PROBLEM TO WORK ON: Output the entries word for word. Omit images.

Dataset entries
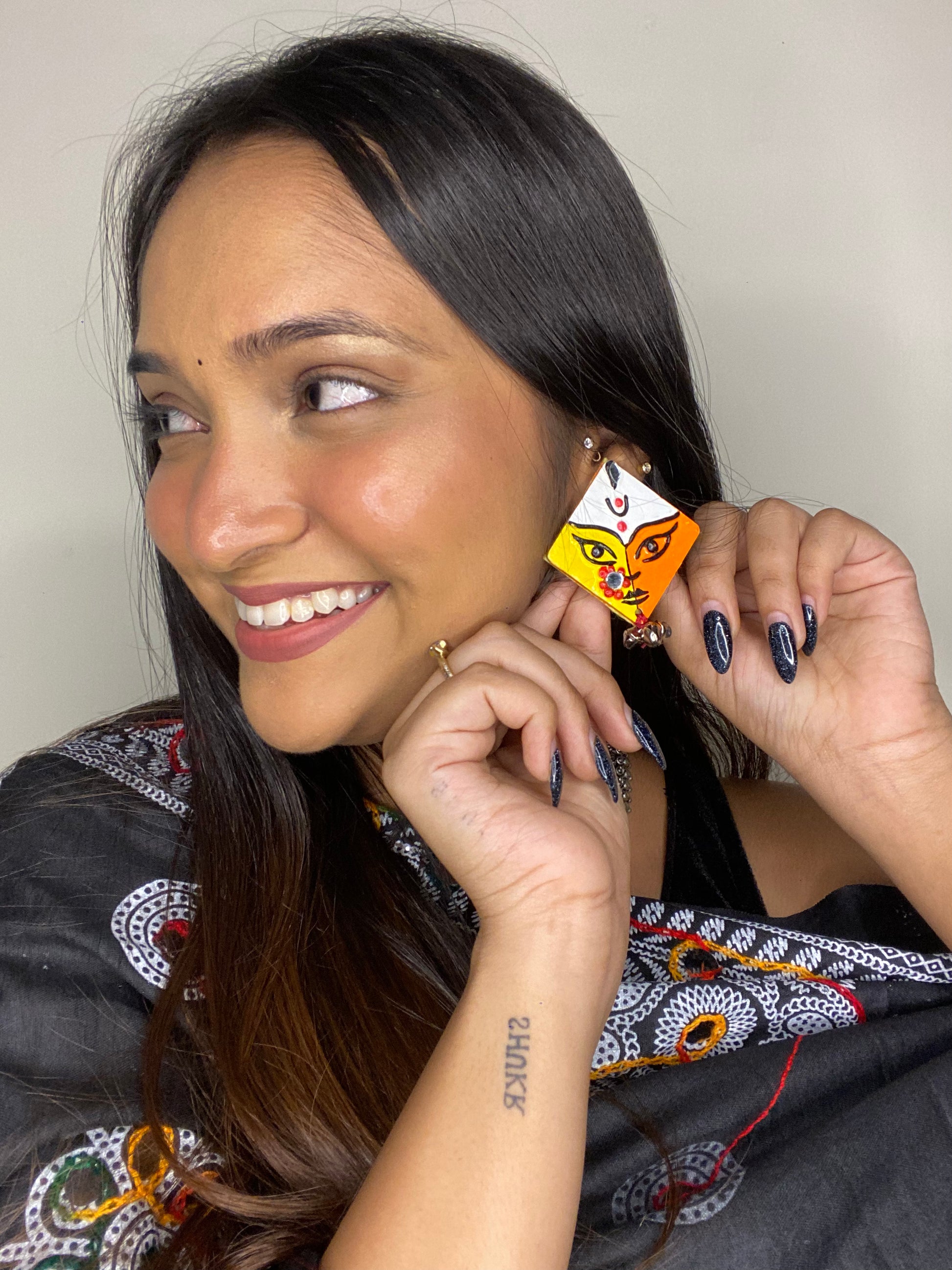 Elevate your accessory game with our Durga Ji Lippan Art Handmade Earrings. Each pair features a stunning blend of traditional Lippan art and modern design, incorporating the protective charm of the evil eye symbol. Handcrafted with precision, these earrings are adorned with vibrant colors and intricate patterns that catch the eye. Perfect for any occasion, they offer both style and spiritual protection. Discover the unique fusion of art and function—shop now to own a pair of these distinctive and meaningful earrings.
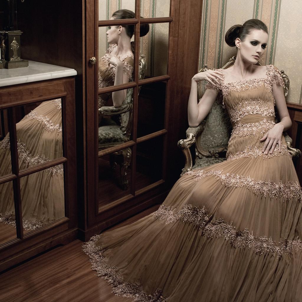 » Wallpaper Brunette in an elegant dress
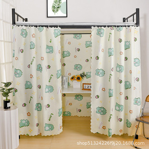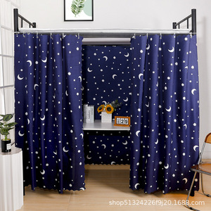 ベッドのカーテンの下に大学生寮のシングルベッドのカーテンが敷かれている
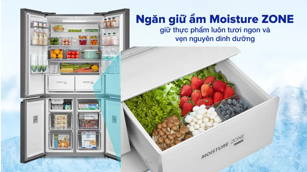 - Ngăn giữ ẩm The Moisture Zone với tấm chắn đặc biệt giúp duy trì độ ẩm ở mức 86%, giữ thực phẩm luôn tươi ngon và vẹn nguyên dinh dưỡng.
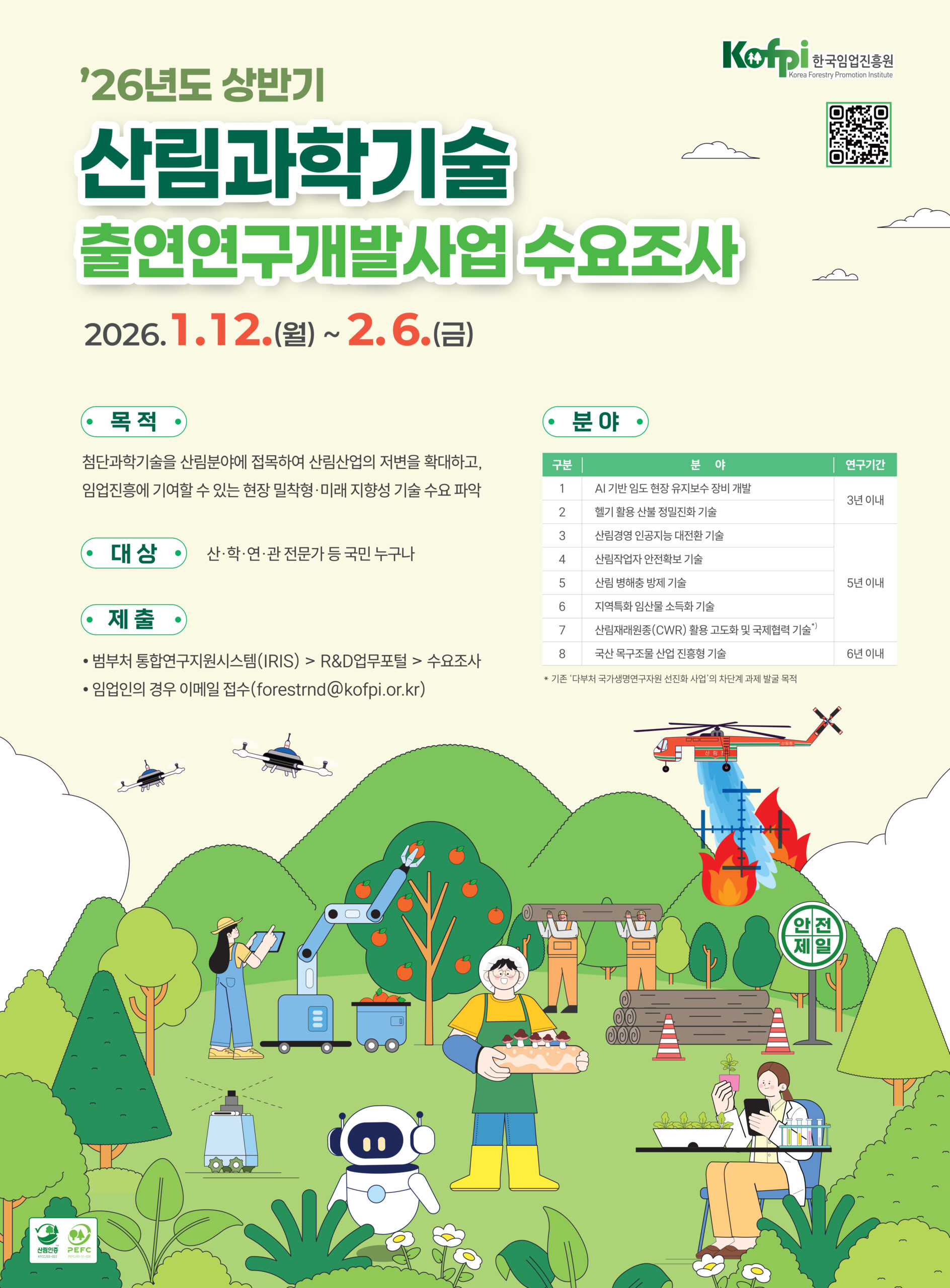 교외 연구과제 공모 PRINT [한국임업진흥원] ’26년도 상반기 산림과학기술 출연연구개발사업 기술수요조사 2026.01.14 조회수 12 산학협력단 share facebook twitter kakaotalk 카카오톡 앱이설치된 모바일 기기에서만공유 가능합니다. https://www.syu.ac.kr/rnd/%ed%95%9c%ea%b5%ad%ec%9e%84%ec%97%85%ec%a7%84%ed%9d%a5%ec%9b%90-26%eb%85%84%eb%8f%84-%ec%83%81%eb%b0%98%ea%b8%b0-%ec%82%b0%eb%a6%bc%ea%b3%bc%ed%95%99%ea%b8%b0%ec%88%a0-%ec%b6%9c%ec%97%b0%ec%97%b0/ 복사 2026년-상반기-산림과학기술-출연연구개발사업-수요조사-공고.hwp (64.5 KB) 수요조사-접수-서식-등.zip (170.3 KB) facebook twitter kakaotalk 카카오톡 앱이설치된 모바일 기기에서만공유 가능합니다. 이전글 글이 없습니다. 다음글 [서울특별시] 2025년 물산업 혁신기술 R&D 지원사업 안내 목록 삼육대학교 산학협력단은 대학과 기업이 동반성장하는 기술개발 체제 인프라를 구축합니다. 삼육대학교 산학협력단
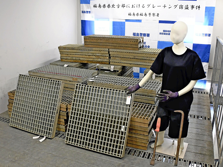 同署はグレーチング138枚(337万8000円相当)分の窃盗事件を送検している。同署は同日、男が使用したバール2本や手袋のほか、押収したグレーチングを報道陣に公開した。
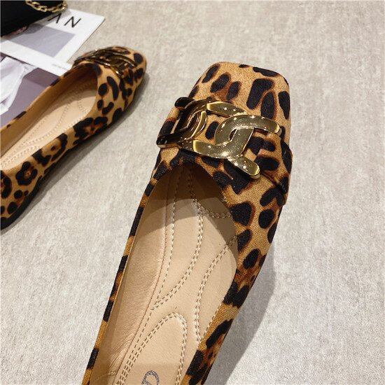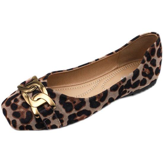 フラットパンプス レディース スクエアトゥ ぺたんこ パンプス シューズ 歩きやすい レオパード メタルバックル アニマル 痛くない 柔らかい フラットパンプス レディース スクエアトゥ ぺたんこ
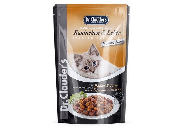 Dr.Clauder`s Паучи Доктор Клаудерс для Стерилизованных кошек Кролик & Печень кусочки в соусе (цена за упаковку) 85г х 12шт
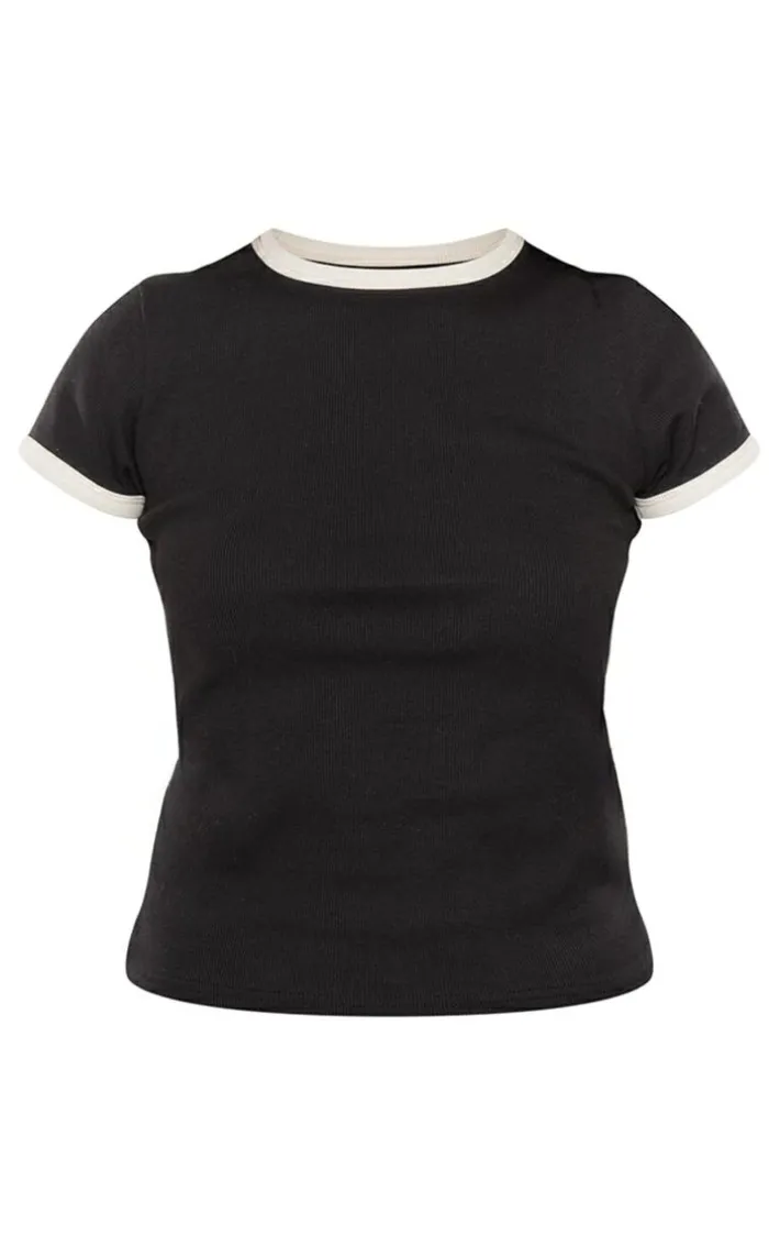 This black rib contrast binding fitted t shirt is here to solve all your styling dilemmas. It is made using a black ribbed material with a contrasting binding design and a comfy fit, what more could you want? Pair this t shirt with cargo Pants, sneakers and a tote bag for a look that is totally on trend.
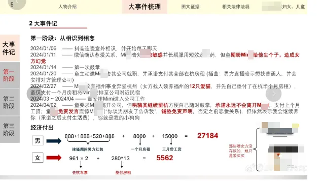 日前,随着虎牙娱乐版块顶流男主播童锦程被女网友曝光疑似有私生子事件,该事件已然登顶全网多平台热搜,在全网发酵受到无数网友议论不断! 这些天,女网友借此事件也是收获过亿话题的流量,这几天该女网红开播直播间在线突破万人,无数吃瓜网友纷纷涌入其直播间刷屏弹幕吃瓜,后续外界更是传出童锦程现正牌女友疑似怀Y的消息,再次让童锦程孩子的话题推上风口浪尖! 随着时间的推移,本以为此事件的热度也随之逐渐慢慢消退。但就在昨日,再次爆出PPT猛料,再次让童锦程生孩子事件被广大网友热议! 首先PPT的截图中第一段介绍了女主跟童相识相恋的第一阶段以及两人通过语音直播连麦认识。 双方加上联系方式后,童问她是否跟着我不?让女方误以为两人已经确认了恋爱关系,同月份女方告知童自己对橡胶过敏并且在服用短效避Y药,对此童还说出想让你生个子,想要一个小孩是真的这种暗示性话语。 当月底,童邀请女方去自己公司就职,并承诺为其支付房租,一个月后女方辞职前往杭州,女方门禁视频以及入职后的钉钉皆有聊天记录,但只工作一个月童便要求女方离开公司,并且希望女方离职后依然留在杭州,可以每个月给生活费。 同时,童说如果女方谈了男朋友就告诉他,女方恍然童并不觉得两人之前的关系是恋爱关系,最后女方算出了恋爱期间,两个人的经济付出,童总共花费2W多,女方花费5000多,至此,两人相识相恋第一阶段结束。 昨晚,童漾妈直播聊到了她昨天发的与童相知到后来纠缠的事件始末ppt,称自己只负责截图,不是自己亲自做的,还说自己当初放弃事业是以为童会给她更好的事业,一步错步步错!
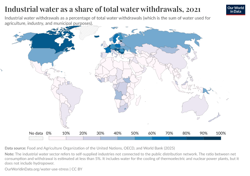 The visualization provides an overview of industrial water withdrawals measured as the share of total water withdrawals (which is the sum of agricultural, industrial, and domestic uses).
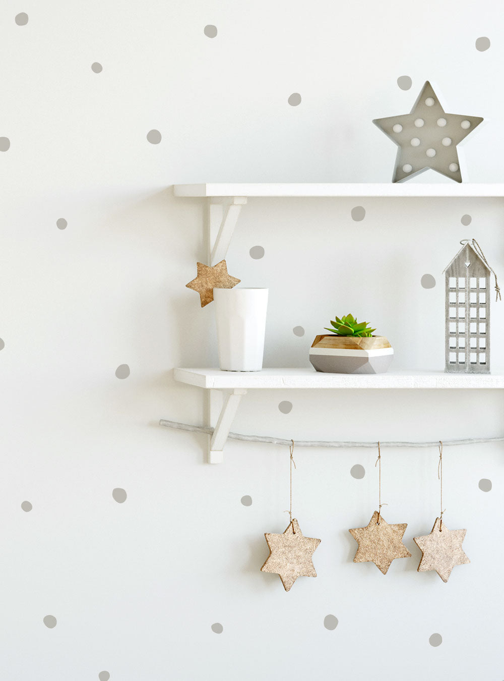 **Please note that each dot is an irregular-shaped dot, not a perfect circle. For dot decals that are perfect circles, please check out our Large Polka Dots or Small Polka Dots wall decals**
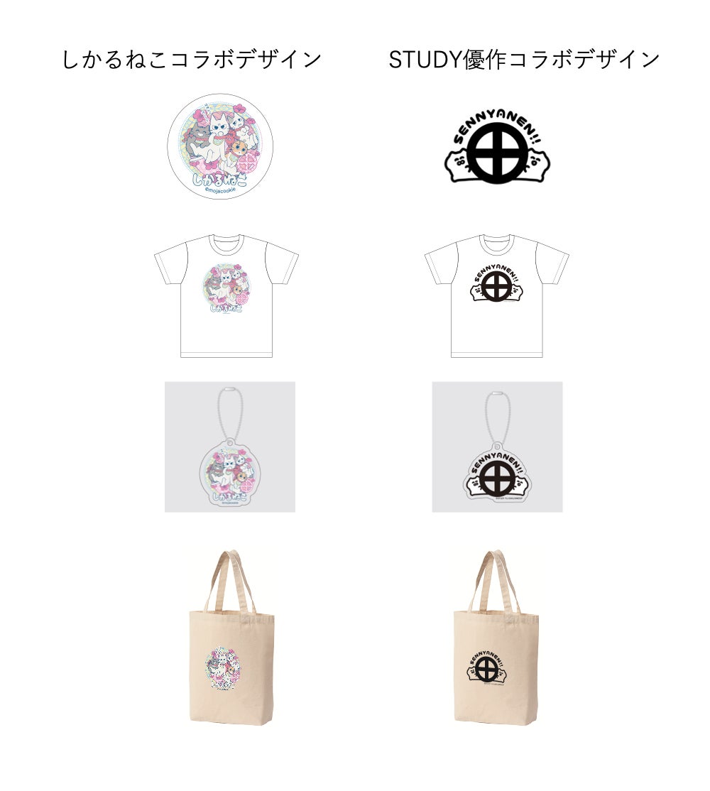しかるねこコラボデザインの複製原画販売、STUDY優作書き下ろし原画(限定3点:原宿で1点、鹿児島で2点販売予定)と複製原画も販売いたします。その他にもアクリルキーホルダーやTシャツ、トートバックや缶バッジなどのグッズも販売いたします。
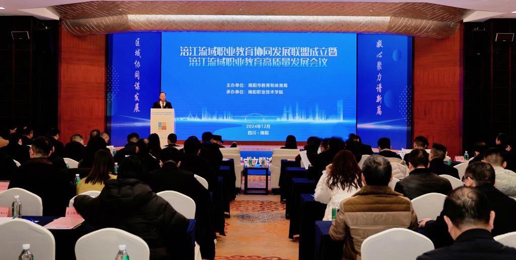 12月18日,由绵阳市教育和体育局主办、bat365承办的涪江流域职业教育协同发展联盟(以下简称“联盟”)成立暨涪江流域职业教育高质量发展会议在富乐山九洲国际酒店召开。来自川渝两地的高职院校、中职学校,相关企业、行业协会代表200余人齐聚一堂,共同探索涪江流域职业教育高质量发展新路径。四川省教育厅二级巡视员赖英莉、重庆市教育委员会二级巡视员窦晓明和绵阳市人民政府副秘书长陈冬梅出席大会并致辞。绵阳市委教育工委副书记、市教育和体育局党组书记、局长王永昭与相关院校、企业负责同志出席会议。绵阳市教育与体育局二级巡视员周时光主持大会。

WRITTEN SOLUTION:
 Elevate your accessory game with our Durga Ji Lippan Art Handmade Earrings. Each pair features a stunning blend of traditional Lippan art and modern design, incorporating the protective charm of the evil eye symbol. Handcrafted with precision, these earrings are adorned with vibrant colors and intricate patterns that catch the eye. Perfect for any occasion, they offer both style and spiritual protection. Discover the unique fusion of art and function—shop now to own a pair of these distinctive and meaningful earrings.
 » Wallpaper Brunette in an elegant dress
 ベッドのカーテンの下に大学生寮のシングルベッドのカーテンが敷かれている
 - Ngăn giữ ẩm The Moisture Zone với tấm chắn đặc biệt giúp duy trì độ ẩm ở mức 86%, giữ thực phẩm luôn tươi ngon và vẹn nguyên dinh dưỡng.
 교외 연구과제 공모 PRINT [한국임업진흥원] ’26년도 상반기 산림과학기술 출연연구개발사업 기술수요조사 2026.01.14 조회수 12 산학협력단 share facebook twitter kakaotalk 카카오톡 앱이설치된 모바일 기기에서만공유 가능합니다. https://www.syu.ac.kr/rnd/%ed%95%9c%ea%b5%ad%ec%9e%84%ec%97%85%ec%a7%84%ed%9d%a5%ec%9b%90-26%eb%85%84%eb%8f%84-%ec%83%81%eb%b0%98%ea%b8%b0-%ec%82%b0%eb%a6%bc%ea%b3%bc%ed%95%99%ea%b8%b0%ec%88%a0-%ec%b6%9c%ec%97%b0%ec%97%b0/ 복사 2026년-상반기-산림과학기술-출연연구개발사업-수요조사-공고.hwp (64.5 KB) 수요조사-접수-서식-등.zip (170.3 KB) facebook twitter kakaotalk 카카오톡 앱이설치된 모바일 기기에서만공유 가능합니다. 이전글 글이 없습니다. 다음글 [서울특별시] 2025년 물산업 혁신기술 R&D 지원사업 안내 목록 삼육대학교 산학협력단은 대학과 기업이 동반성장하는 기술개발 체제 인프라를 구축합니다. 삼육대학교 산학협력단
 同署はグレーチング138枚(337万8000円相当)分の窃盗事件を送検している。同署は同日、男が使用したバール2本や手袋のほか、押収したグレーチングを報道陣に公開した。
 フラットパンプス レディース スクエアトゥ ぺたんこ パンプス シューズ 歩きやすい レオパード メタルバックル アニマル 痛くない 柔らかい フラットパンプス レディース スクエアトゥ ぺたんこ
 Dr.Clauder`s Паучи Доктор Клаудерс для Стерилизованных кошек Кролик & Печень кусочки в соусе (цена за упаковку) 85г х 12шт
 This black rib contrast binding fitted t shirt is here to solve all your styling dilemmas. It is made using a black ribbed material with a contrasting binding design and a comfy fit, what more could you want? Pair this t shirt with cargo Pants, sneakers and a tote bag for a look that is totally on trend.
 日前,随着虎牙娱乐版块顶流男主播童锦程被女网友曝光疑似有私生子事件,该事件已然登顶全网多平台热搜,在全网发酵受到无数网友议论不断! 这些天,女网友借此事件也是收获过亿话题的流量,这几天该女网红开播直播间在线突破万人,无数吃瓜网友纷纷涌入其直播间刷屏弹幕吃瓜,后续外界更是传出童锦程现正牌女友疑似怀Y的消息,再次让童锦程孩子的话题推上风口浪尖! 随着时间的推移,本以为此事件的热度也随之逐渐慢慢消退。但就在昨日,再次爆出PPT猛料,再次让童锦程生孩子事件被广大网友热议! 首先PPT的截图中第一段介绍了女主跟童相识相恋的第一阶段以及两人通过语音直播连麦认识。 双方加上联系方式后,童问她是否跟着我不?让女方误以为两人已经确认了恋爱关系,同月份女方告知童自己对橡胶过敏并且在服用短效避Y药,对此童还说出想让你生个子,想要一个小孩是真的这种暗示性话语。 当月底,童邀请女方去自己公司就职,并承诺为其支付房租,一个月后女方辞职前往杭州,女方门禁视频以及入职后的钉钉皆有聊天记录,但只工作一个月童便要求女方离开公司,并且希望女方离职后依然留在杭州,可以每个月给生活费。 同时,童说如果女方谈了男朋友就告诉他,女方恍然童并不觉得两人之前的关系是恋爱关系,最后女方算出了恋爱期间,两个人的经济付出,童总共花费2W多,女方花费5000多,至此,两人相识相恋第一阶段结束。 昨晚,童漾妈直播聊到了她昨天发的与童相知到后来纠缠的事件始末ppt,称自己只负责截图,不是自己亲自做的,还说自己当初放弃事业是以为童会给她更好的事业,一步错步步错!
 The visualization provides an overview of industrial water withdrawals measured as the share of total water withdrawals (which is the sum of agricultural, industrial, and domestic uses).
 **Please note that each dot is an irregular-shaped dot, not a perfect circle. For dot decals that are perfect circles, please check out our Large Polka Dots or Small Polka Dots wall decals**
しかるねこコラボデザインの複製原画販売、STUDY優作書き下ろし原画(限定3点:原宿で1点、鹿児島で2点販売予定)と複製原画も販売いたします。その他にもアクリルキーホルダーやTシャツ、トートバックや缶バッジなどのグッズも販売いたします。
 12月18日,由绵阳市教育和体育局主办、bat365承办的涪江流域职业教育协同发展联盟(以下简称“联盟”)成立暨涪江流域职业教育高质量发展会议在富乐山九洲国际酒店召开。来自川渝两地的高职院校、中职学校,相关企业、行业协会代表200余人齐聚一堂,共同探索涪江流域职业教育高质量发展新路径。四川省教育厅二级巡视员赖英莉、重庆市教育委员会二级巡视员窦晓明和绵阳市人民政府副秘书长陈冬梅出席大会并致辞。绵阳市委教育工委副书记、市教育和体育局党组书记、局长王永昭与相关院校、企业负责同志出席会议。绵阳市教育与体育局二级巡视员周时光主持大会。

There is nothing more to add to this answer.